DATA FOR THIS EXERCISE →
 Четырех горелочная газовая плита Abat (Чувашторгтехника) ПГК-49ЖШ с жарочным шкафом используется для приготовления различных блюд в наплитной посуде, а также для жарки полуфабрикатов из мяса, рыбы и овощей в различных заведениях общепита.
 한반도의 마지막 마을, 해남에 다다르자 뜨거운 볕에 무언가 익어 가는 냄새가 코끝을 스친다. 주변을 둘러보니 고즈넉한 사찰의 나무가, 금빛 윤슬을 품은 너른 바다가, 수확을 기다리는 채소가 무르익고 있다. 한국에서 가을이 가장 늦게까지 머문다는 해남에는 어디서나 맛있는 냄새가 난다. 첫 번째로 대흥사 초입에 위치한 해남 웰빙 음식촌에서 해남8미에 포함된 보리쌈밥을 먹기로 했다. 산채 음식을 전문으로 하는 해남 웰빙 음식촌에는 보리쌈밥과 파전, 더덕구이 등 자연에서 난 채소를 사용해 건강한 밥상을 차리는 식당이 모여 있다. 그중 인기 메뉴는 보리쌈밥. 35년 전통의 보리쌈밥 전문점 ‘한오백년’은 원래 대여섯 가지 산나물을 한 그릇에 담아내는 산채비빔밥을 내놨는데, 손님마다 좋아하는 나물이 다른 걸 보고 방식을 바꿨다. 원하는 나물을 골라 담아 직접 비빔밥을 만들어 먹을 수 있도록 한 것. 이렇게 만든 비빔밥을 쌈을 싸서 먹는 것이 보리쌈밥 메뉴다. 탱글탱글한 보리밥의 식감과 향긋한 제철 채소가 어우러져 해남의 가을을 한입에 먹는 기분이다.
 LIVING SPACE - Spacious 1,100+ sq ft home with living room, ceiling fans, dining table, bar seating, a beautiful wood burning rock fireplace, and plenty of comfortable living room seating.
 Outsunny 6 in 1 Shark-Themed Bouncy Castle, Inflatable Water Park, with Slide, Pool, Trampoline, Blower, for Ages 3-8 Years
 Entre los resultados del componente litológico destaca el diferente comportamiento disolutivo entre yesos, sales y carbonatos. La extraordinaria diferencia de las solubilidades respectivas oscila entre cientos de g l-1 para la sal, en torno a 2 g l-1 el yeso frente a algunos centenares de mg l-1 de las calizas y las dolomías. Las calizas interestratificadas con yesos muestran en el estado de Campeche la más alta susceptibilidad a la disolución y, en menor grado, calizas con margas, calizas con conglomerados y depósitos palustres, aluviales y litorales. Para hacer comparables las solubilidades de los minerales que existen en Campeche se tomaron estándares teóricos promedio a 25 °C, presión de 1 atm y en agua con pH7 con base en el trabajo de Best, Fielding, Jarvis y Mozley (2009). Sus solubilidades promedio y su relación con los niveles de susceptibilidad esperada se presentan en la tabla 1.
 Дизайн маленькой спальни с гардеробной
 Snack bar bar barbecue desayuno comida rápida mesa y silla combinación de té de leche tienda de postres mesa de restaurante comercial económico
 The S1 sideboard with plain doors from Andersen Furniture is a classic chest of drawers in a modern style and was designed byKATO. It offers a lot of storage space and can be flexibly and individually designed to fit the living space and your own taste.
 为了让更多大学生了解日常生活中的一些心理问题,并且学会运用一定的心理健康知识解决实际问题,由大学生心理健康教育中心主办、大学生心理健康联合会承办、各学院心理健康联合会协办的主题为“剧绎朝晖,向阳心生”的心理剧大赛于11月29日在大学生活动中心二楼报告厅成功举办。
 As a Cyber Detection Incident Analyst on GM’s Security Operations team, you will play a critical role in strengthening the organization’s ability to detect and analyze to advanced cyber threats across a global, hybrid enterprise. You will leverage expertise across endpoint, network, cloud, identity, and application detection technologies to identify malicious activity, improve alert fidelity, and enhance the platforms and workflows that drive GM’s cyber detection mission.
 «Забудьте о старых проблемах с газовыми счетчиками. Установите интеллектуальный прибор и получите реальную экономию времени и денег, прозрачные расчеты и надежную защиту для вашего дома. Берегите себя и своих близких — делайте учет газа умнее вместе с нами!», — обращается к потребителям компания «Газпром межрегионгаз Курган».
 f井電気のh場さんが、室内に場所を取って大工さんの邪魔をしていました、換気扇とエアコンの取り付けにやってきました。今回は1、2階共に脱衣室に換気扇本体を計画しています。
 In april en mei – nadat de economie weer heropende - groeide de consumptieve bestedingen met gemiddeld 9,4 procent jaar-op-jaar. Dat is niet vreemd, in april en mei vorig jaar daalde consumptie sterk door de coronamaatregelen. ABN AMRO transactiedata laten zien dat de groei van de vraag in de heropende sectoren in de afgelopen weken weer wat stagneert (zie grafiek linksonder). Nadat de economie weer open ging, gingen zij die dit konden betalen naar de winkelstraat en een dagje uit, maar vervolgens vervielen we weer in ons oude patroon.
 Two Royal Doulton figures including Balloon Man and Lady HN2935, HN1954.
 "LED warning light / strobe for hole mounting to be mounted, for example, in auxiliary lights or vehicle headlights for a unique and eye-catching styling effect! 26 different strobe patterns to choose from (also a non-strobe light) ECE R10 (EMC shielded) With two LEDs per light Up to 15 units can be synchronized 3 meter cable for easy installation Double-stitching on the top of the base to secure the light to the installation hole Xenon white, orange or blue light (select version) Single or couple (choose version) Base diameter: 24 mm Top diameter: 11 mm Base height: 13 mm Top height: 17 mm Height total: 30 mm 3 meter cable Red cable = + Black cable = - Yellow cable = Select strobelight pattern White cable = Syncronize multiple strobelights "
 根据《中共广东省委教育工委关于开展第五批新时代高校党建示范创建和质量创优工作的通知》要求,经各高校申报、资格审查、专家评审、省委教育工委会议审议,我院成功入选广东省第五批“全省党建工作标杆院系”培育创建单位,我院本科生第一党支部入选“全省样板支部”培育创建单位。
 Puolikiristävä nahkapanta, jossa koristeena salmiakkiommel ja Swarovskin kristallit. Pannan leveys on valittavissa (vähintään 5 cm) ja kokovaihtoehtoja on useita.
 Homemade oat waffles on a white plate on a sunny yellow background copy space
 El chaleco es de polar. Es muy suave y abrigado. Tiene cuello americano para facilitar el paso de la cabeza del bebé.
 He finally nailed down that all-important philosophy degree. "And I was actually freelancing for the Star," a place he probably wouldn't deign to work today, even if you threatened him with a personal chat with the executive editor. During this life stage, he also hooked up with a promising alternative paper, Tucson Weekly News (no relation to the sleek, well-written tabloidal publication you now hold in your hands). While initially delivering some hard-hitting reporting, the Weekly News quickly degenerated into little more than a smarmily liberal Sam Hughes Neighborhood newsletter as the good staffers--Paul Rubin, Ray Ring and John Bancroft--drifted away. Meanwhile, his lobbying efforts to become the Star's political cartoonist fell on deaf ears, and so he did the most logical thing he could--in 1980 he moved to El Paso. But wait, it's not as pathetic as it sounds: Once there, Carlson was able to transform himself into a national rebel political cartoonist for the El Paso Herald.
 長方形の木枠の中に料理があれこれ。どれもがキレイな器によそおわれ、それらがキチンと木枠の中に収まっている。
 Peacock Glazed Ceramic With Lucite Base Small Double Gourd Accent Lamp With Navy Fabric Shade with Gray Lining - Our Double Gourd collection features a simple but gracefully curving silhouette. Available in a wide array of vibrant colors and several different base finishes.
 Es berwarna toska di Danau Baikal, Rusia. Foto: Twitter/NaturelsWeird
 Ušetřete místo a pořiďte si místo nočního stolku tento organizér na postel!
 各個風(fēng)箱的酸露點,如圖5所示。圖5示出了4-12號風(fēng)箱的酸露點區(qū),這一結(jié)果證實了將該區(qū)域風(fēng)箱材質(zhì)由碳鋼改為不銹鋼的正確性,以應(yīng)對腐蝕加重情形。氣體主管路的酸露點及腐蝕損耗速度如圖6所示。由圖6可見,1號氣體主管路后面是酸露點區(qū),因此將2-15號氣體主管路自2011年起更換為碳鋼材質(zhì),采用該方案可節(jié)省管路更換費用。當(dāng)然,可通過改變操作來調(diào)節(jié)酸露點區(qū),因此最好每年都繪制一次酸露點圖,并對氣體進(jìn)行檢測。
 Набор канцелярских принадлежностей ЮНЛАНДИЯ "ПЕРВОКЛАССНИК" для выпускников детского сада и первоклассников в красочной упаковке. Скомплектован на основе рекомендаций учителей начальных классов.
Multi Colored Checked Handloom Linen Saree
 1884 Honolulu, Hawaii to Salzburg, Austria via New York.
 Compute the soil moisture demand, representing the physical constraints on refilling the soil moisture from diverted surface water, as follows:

TASK INSTRUCTIONS → The expected answer is every line in the data above that carries the string "also".

OUTPUT FOR THIS EXERCISE →
 "LED warning light / strobe for hole mounting to be mounted, for example, in auxiliary lights or vehicle headlights for a unique and eye-catching styling effect! 26 different strobe patterns to choose from (also a non-strobe light) ECE R10 (EMC shielded) With two LEDs per light Up to 15 units can be synchronized 3 meter cable for easy installation Double-stitching on the top of the base to secure the light to the installation hole Xenon white, orange or blue light (select version) Single or couple (choose version) Base diameter: 24 mm Top diameter: 11 mm Base height: 13 mm Top height: 17 mm Height total: 30 mm 3 meter cable Red cable = + Black cable = - Yellow cable = Select strobelight pattern White cable = Syncronize multiple strobelights "
 He finally nailed down that all-important philosophy degree. "And I was actually freelancing for the Star," a place he probably wouldn't deign to work today, even if you threatened him with a personal chat with the executive editor. During this life stage, he also hooked up with a promising alternative paper, Tucson Weekly News (no relation to the sleek, well-written tabloidal publication you now hold in your hands). While initially delivering some hard-hitting reporting, the Weekly News quickly degenerated into little more than a smarmily liberal Sam Hughes Neighborhood newsletter as the good staffers--Paul Rubin, Ray Ring and John Bancroft--drifted away. Meanwhile, his lobbying efforts to become the Star's political cartoonist fell on deaf ears, and so he did the most logical thing he could--in 1980 he moved to El Paso. But wait, it's not as pathetic as it sounds: Once there, Carlson was able to transform himself into a national rebel political cartoonist for the El Paso Herald.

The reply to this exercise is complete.